PROVIDED DATA —
┄┄┄┄┄┄┄┄┄┄┄┄┄┄┄┄┄┄┄┄
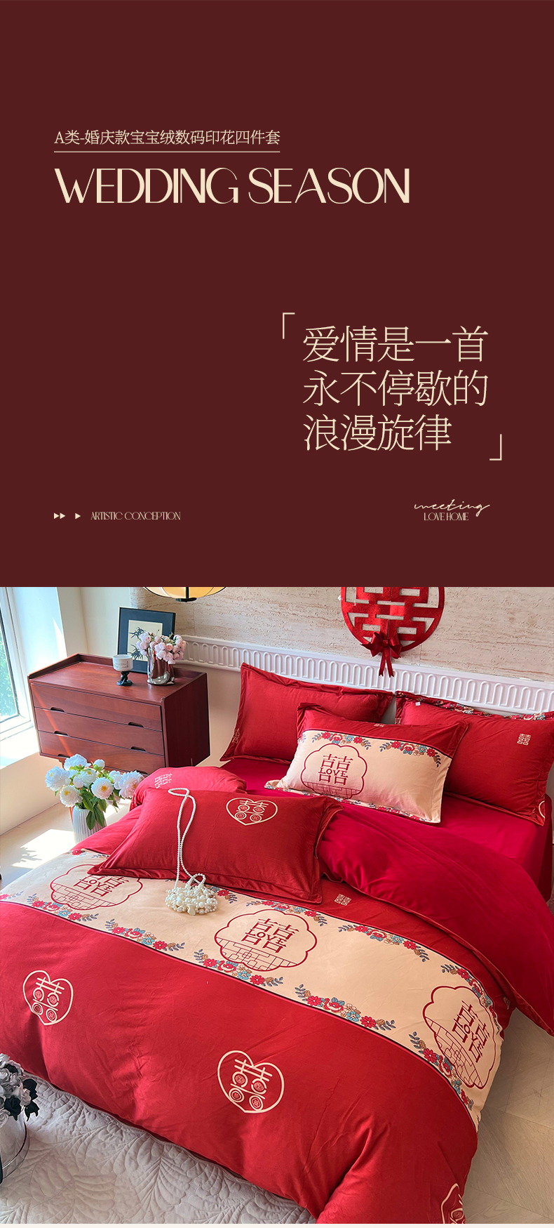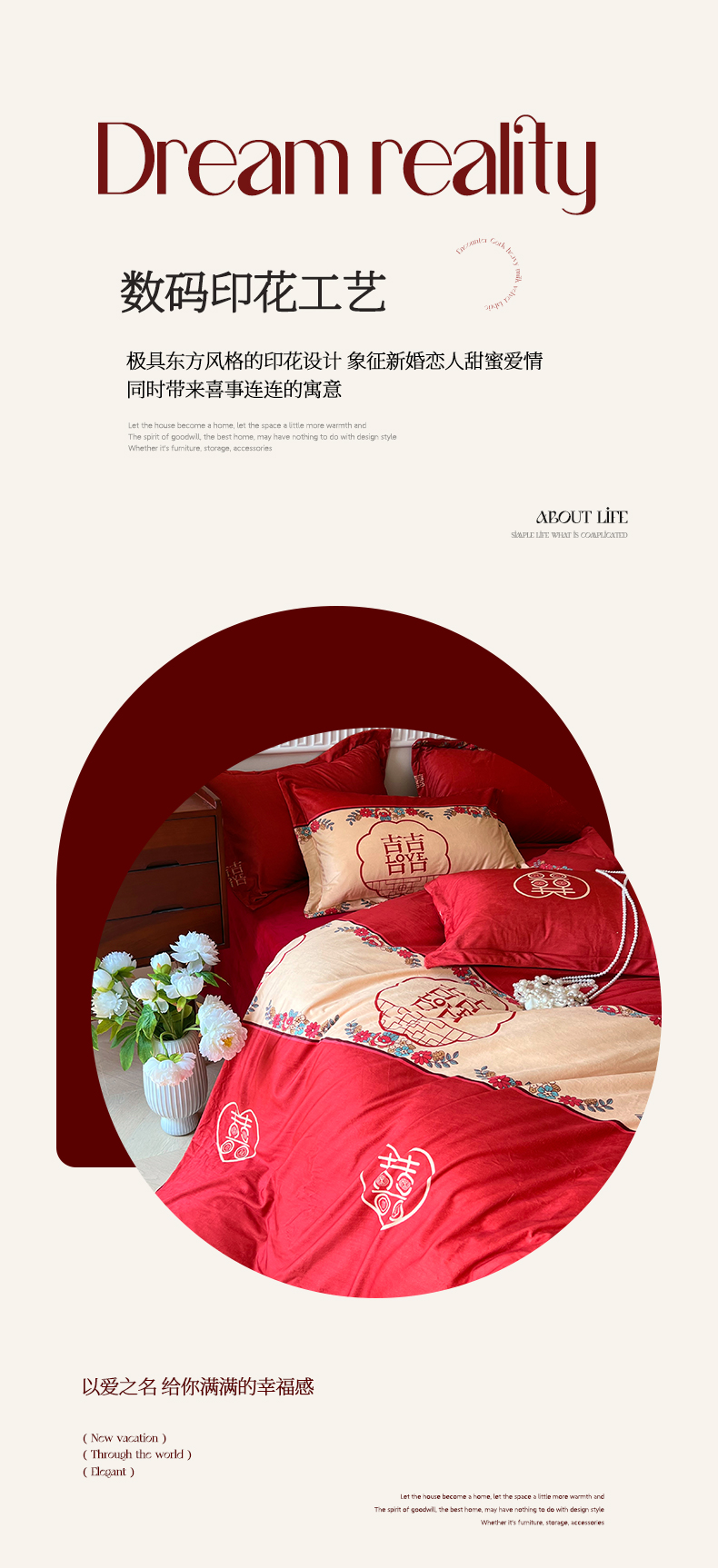慕希家纺 2024新款A类婚庆款宝宝绒数码印花四件套 花嫁喜事
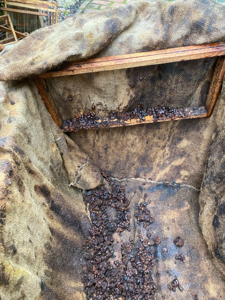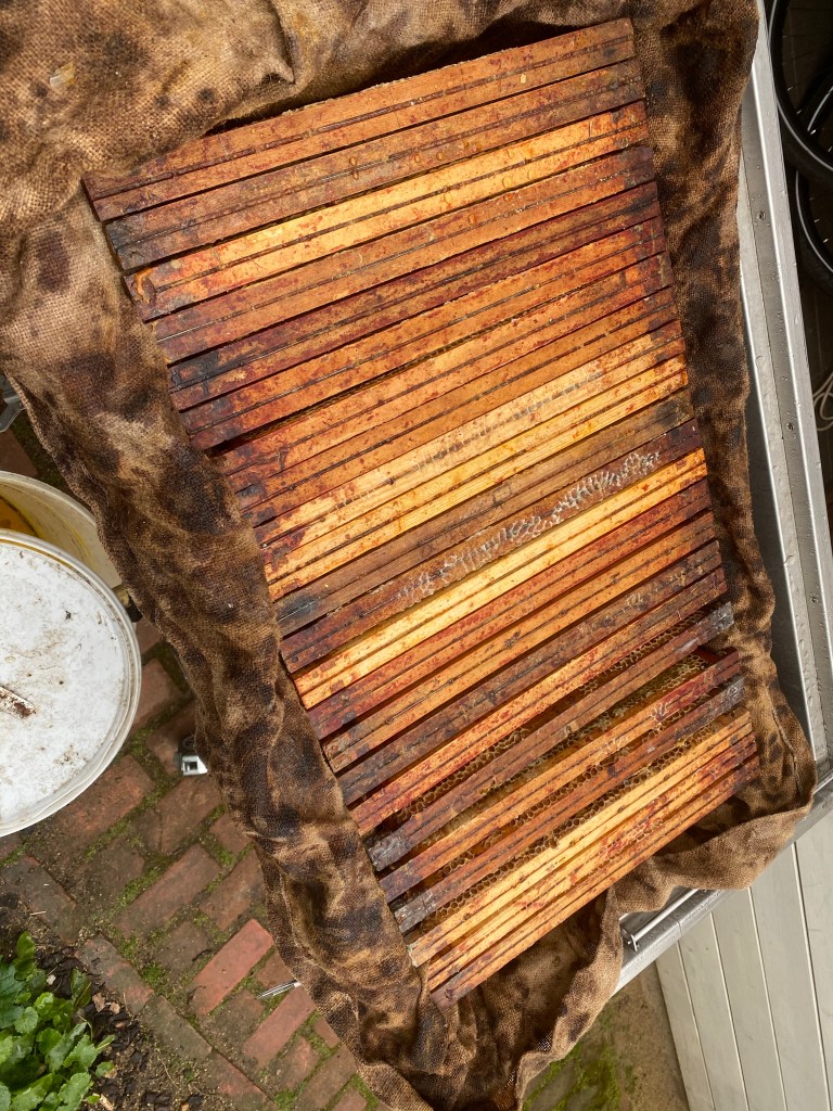 Vandaag begonnen aan het uitstomen van de slechtste honingraten. Honingraten met fouten, zoals opgeslagen stuifmeel of met darrenraat smelt ik nu al. De mooiste zijn opgeslagen tot volgend jaar. Ze zijn eerst 2 dagen in de vriezer geweest om alle wasmotlarven te doden, wellicht gaan ook eitjes van de wasmot op deze manier dood. Ik heb in elk geval nog nooit aangevreten honingramen gehad na een vriesbehandeling. Als ze niet zijn ingevroren en dadelijk in afgesloten containers worden geplaatst, schiet er na de winter niet veel meer over. Dan vieren de wasmotlarven de ganse winter feest in de compleet afgesloten bakken. Bladeren van de walnootboom in de bakken leggen, helpt wel maar zeker geen 100%. En azijnzuur in aparte bakken met telkens 12 honingramen vind ik nogal omslachtig. De diepvriezer draait per slot maar enkele dagen en dat kost ook geen stukken van mensen.
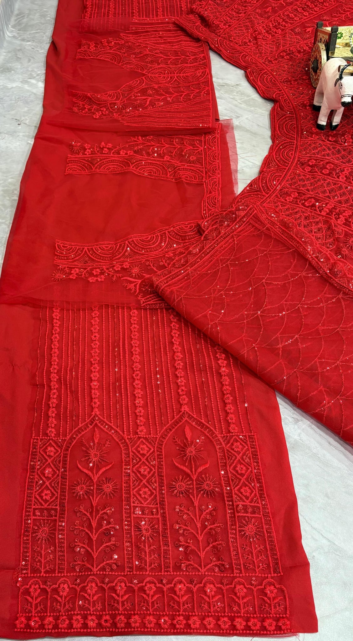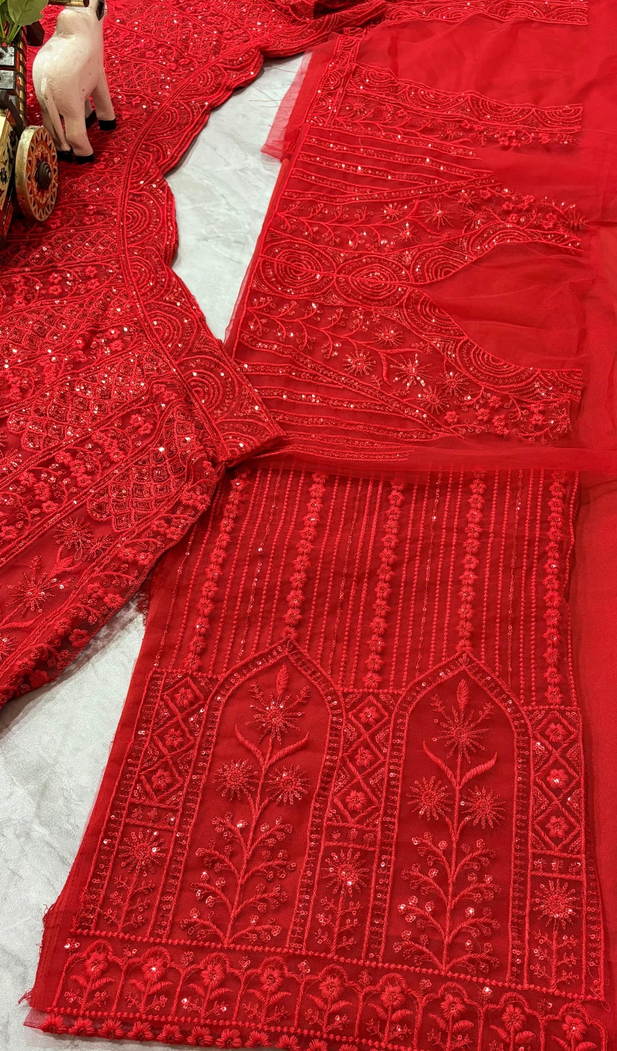 SSS Launching 4 meter Red Color  flared Premium Quality Soft Net Lehenga-SSS001RL
┄┄┄┄┄┄┄┄┄┄┄┄┄┄┄┄┄┄┄┄
ACTION ITEM — The material above must be set down word for word, with no picture carried over.

OUTPUT OF THE TASK —
慕希家纺 2024新款A类婚庆款宝宝绒数码印花四件套 花嫁喜事
 Vandaag begonnen aan het uitstomen van de slechtste honingraten. Honingraten met fouten, zoals opgeslagen stuifmeel of met darrenraat smelt ik nu al. De mooiste zijn opgeslagen tot volgend jaar. Ze zijn eerst 2 dagen in de vriezer geweest om alle wasmotlarven te doden, wellicht gaan ook eitjes van de wasmot op deze manier dood. Ik heb in elk geval nog nooit aangevreten honingramen gehad na een vriesbehandeling. Als ze niet zijn ingevroren en dadelijk in afgesloten containers worden geplaatst, schiet er na de winter niet veel meer over. Dan vieren de wasmotlarven de ganse winter feest in de compleet afgesloten bakken. Bladeren van de walnootboom in de bakken leggen, helpt wel maar zeker geen 100%. En azijnzuur in aparte bakken met telkens 12 honingramen vind ik nogal omslachtig. De diepvriezer draait per slot maar enkele dagen en dat kost ook geen stukken van mensen.
 SSS Launching 4 meter Red Color  flared Premium Quality Soft Net Lehenga-SSS001RL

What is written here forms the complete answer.